TASK DATA =
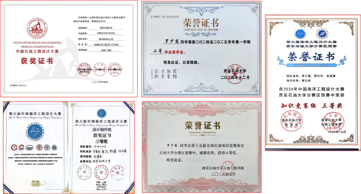 1)第15届中国石油工程设计大赛-综合组-全国二等奖;
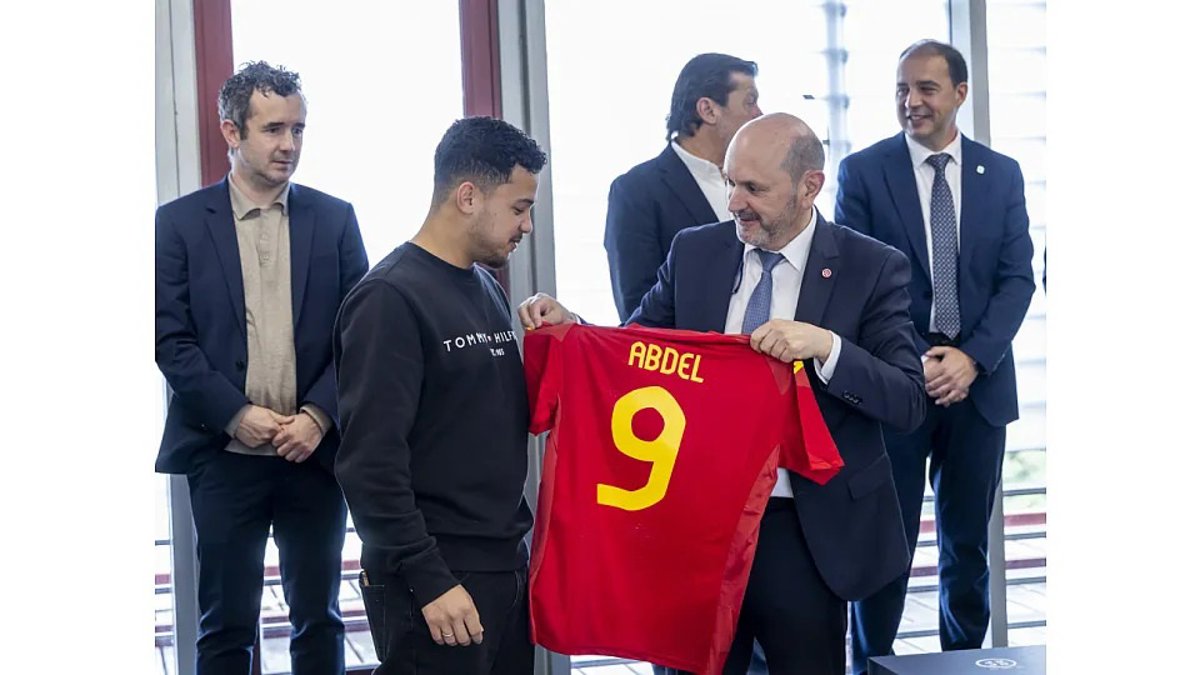 En la visita, el presidente de la RFEF, Rafael Louzán, entregó una camiseta personalizada de la selección española al joven árbitro nacido en Guadalajara.
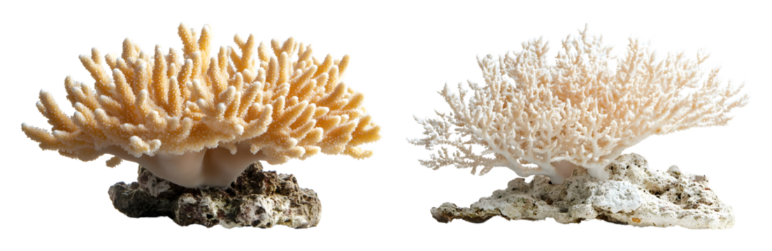 Two Coral Specimens One Ivory And One Pale Orange Displayed On Dark Rocks Against A Transparent Background
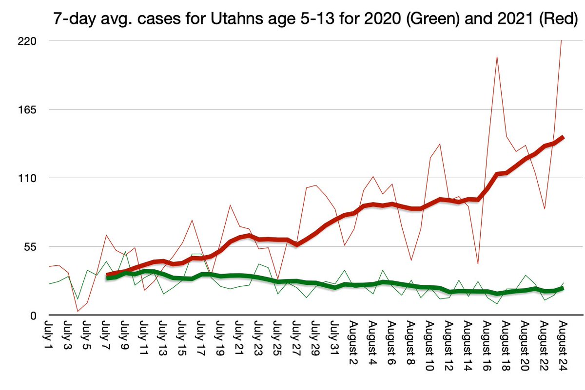 In last three weeks cases and hospitalizations have steadily risen. We don’t want to be here. Good news is vaccinations have been steady. Discouraged by large number not vaxxed. #utpol
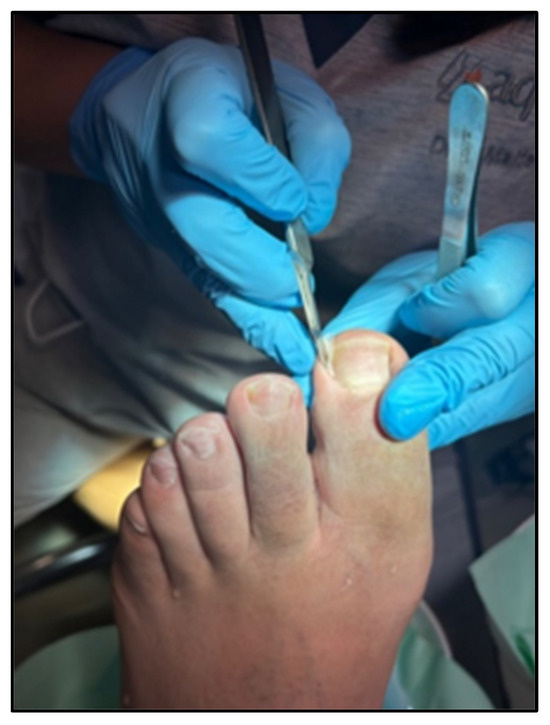 All participants underwent spiculotomy. The affected area was disinfected with chlorhexidine, a powerful and fast skin disinfectant [18,19,20]. The spicule was removed by cutting the segment of the nail plate embedded in the periungual fold. The procedure was conducted with pliers, Adson forceps, and a scalpel with a number 15 blade.
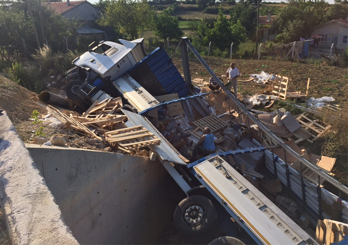 Tekirdağ - Malkara D-100 Karayolunda yaşanan kaza, sürücünin direksiyon hakimiyetini kaybetmesi ile Haliç Mahallesi girişisindeki köprü üzerinden dereye uçtu sürücü kendi çabası ile hafif sıyrıklarla tırdan çıktı.
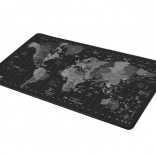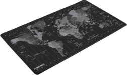 Le tapis est orné d’une carte du monde avec les noms des pays et les fuseaux horaires, ce qui en fait non seulement un accessoire stylé, mais aussi un outil utile pour le travail ou les études.
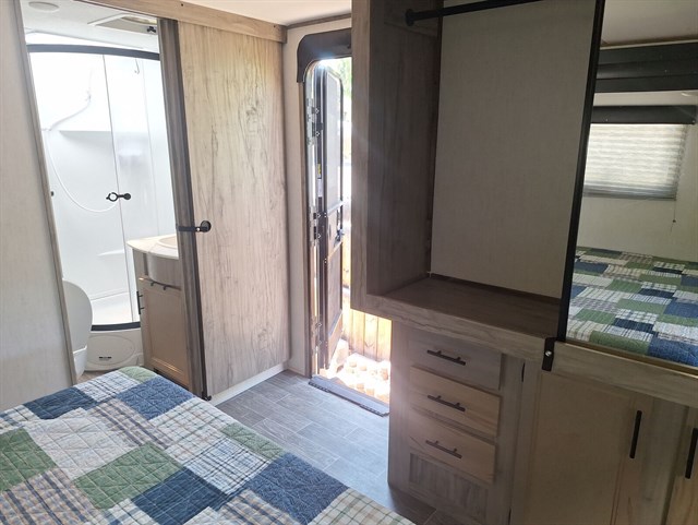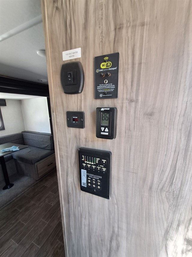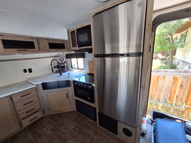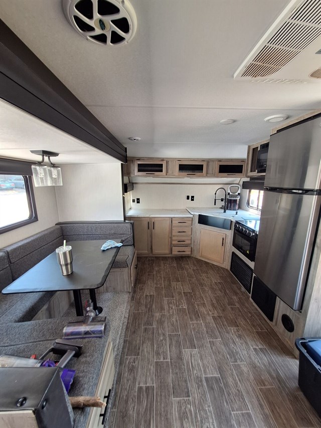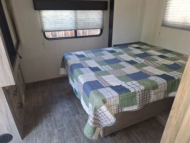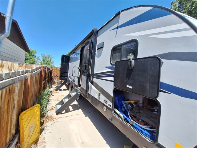 Alpha wolf trailer. Front kitchen 2 slides with awnings, solar panel, heated belly, separate bedroom.

WORK TO COMPLETE =
Retype each of the entries above exactly as it appears, with no pictures.

SOLUTION TO THIS TASK =
 1)第15届中国石油工程设计大赛-综合组-全国二等奖;
 En la visita, el presidente de la RFEF, Rafael Louzán, entregó una camiseta personalizada de la selección española al joven árbitro nacido en Guadalajara.
 Two Coral Specimens One Ivory And One Pale Orange Displayed On Dark Rocks Against A Transparent Background
 In last three weeks cases and hospitalizations have steadily risen. We don’t want to be here. Good news is vaccinations have been steady. Discouraged by large number not vaxxed. #utpol
 All participants underwent spiculotomy. The affected area was disinfected with chlorhexidine, a powerful and fast skin disinfectant [18,19,20]. The spicule was removed by cutting the segment of the nail plate embedded in the periungual fold. The procedure was conducted with pliers, Adson forceps, and a scalpel with a number 15 blade.
 Tekirdağ - Malkara D-100 Karayolunda yaşanan kaza, sürücünin direksiyon hakimiyetini kaybetmesi ile Haliç Mahallesi girişisindeki köprü üzerinden dereye uçtu sürücü kendi çabası ile hafif sıyrıklarla tırdan çıktı.
 Le tapis est orné d’une carte du monde avec les noms des pays et les fuseaux horaires, ce qui en fait non seulement un accessoire stylé, mais aussi un outil utile pour le travail ou les études.
 Alpha wolf trailer. Front kitchen 2 slides with awnings, solar panel, heated belly, separate bedroom.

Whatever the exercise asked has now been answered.